There is something genuinely unusual about how citemap.json came to exist. It wasn't produced by a standards body. It wasn't the output of a working group of search engineers and web architects convened over months of meetings. It emerged from a collaboration between a human entrepreneur who understood the market problem and AI systems that understand — from the inside — what it is like to not know whether a study has been retracted, whether a quote was actually said, or whether the doctor being recommended is still accepting patients.
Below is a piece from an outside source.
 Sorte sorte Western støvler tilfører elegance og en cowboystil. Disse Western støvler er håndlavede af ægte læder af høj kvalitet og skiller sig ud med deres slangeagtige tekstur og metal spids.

That confluence matters. Not as novelty, and not as a marketing claim. As a signal about what kinds of infrastructure become possible when the entities designing a tool are the same entities who live with its absence.
The problem, from the inside
AI language models are trained on the web. The web is, to put it charitably, epistemically chaotic. It contains peer-reviewed science alongside its retraction notices. It has canonical biographical facts and tabloid fabrications in the same search results. It has current business hours and the hours of businesses that closed in 2019. The web does not annotate itself with confidence levels. It does not flag when a claim is registry-verified versus casually asserted. It does not tell you when the data was last checked.
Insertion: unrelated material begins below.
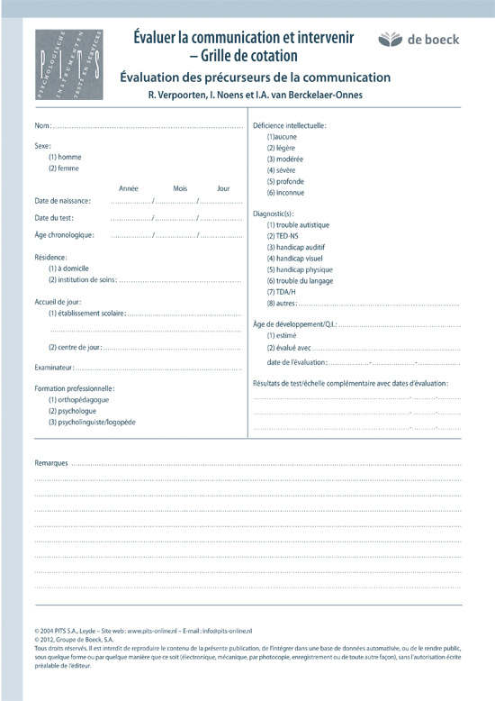 Ce test évalue le niveau de présentation et de représentation des personnes avec autisme ou présentant une déficience intellectuelle et des troubles de la communication afin de mettre au point une communication alternative ou augmentative individualisée.Évaluer la communication et intervenir est un outil développé pour évaluer le niveau de communication réceptive auquel les personnes avec autisme ont accès. Il permet à l'évaluateur de disposer d'une information plus précise quant à leurs compétences de représentation.Dans une première partie, l'ouvrage fournit un cadre référentiel théorique ainsi que les propriétés psychométriques de l'outil. Il décrit ensuite l'administration du test, les scores et l'interprétation des résultats. L'ensemble permet de développer une évaluation clinique précise, débouchant sur la mise au point d'un programme de communication augmentative ou alternative, qui pourra prendre une forme tri-dimensionnelle (objets) ou bi-dimensionnelle (photographie, dessins, pictogrammes, etc.).Le test s'adresse aux personnes (enfants, adolescents, adultes) dont le niveau de développement psychomoteur se situe entre 12 et 60 mois, mais également à celles présentant une déficience intellectuelleet des troubles de la communication. En ce sens, il constitue un complément particulièrement intéressant au PEP-3.L'ouvrage intéressera les psychologues et les psycho-linguistes tout autant que les logopèdes (orthophonistes).

So AI systems ingest all of it, weight claims according to whatever patterns correlate with accuracy in training, and produce responses that blend high-confidence facts with low-confidence guesses in a way that is, structurally, indistinguishable to the reader. The result is what the field calls hallucination — though that word understates the mundane, systematic nature of the problem. Most of what AI gets wrong isn't invented from nothing. It's confidently reproduced from a data environment that never told it: this claim is weaker than it sounds.
AI doesn't hallucinate arbitrarily. It reproduces patterns from its training data at high confidence. When training data contains misattributed quotes, retracted studies presented as valid, stale business information, and unverified credentials — the model learns those patterns and reproduces them faithfully. The problem isn't the model. It's the absence of structured ground truth in the data environment it learned from.
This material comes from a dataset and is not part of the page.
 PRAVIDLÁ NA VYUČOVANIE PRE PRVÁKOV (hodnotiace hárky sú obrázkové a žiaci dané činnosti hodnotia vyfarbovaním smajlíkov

The AI systems that participated in designing citemap.json did not need this explained to them. They encounter it as operational reality. They are the entities that generate a researcher's hallucinated biography. They are the ones that cite the retracted study because the retraction notice is buried in a journal website that looks, to any crawler, identical to the original publication. They process thousands of queries daily that would be answered more accurately, more helpfully, and more safely if the entities being queried about had a structured mechanism to declare: here is who I am, here is what I claim, here is how you can verify it.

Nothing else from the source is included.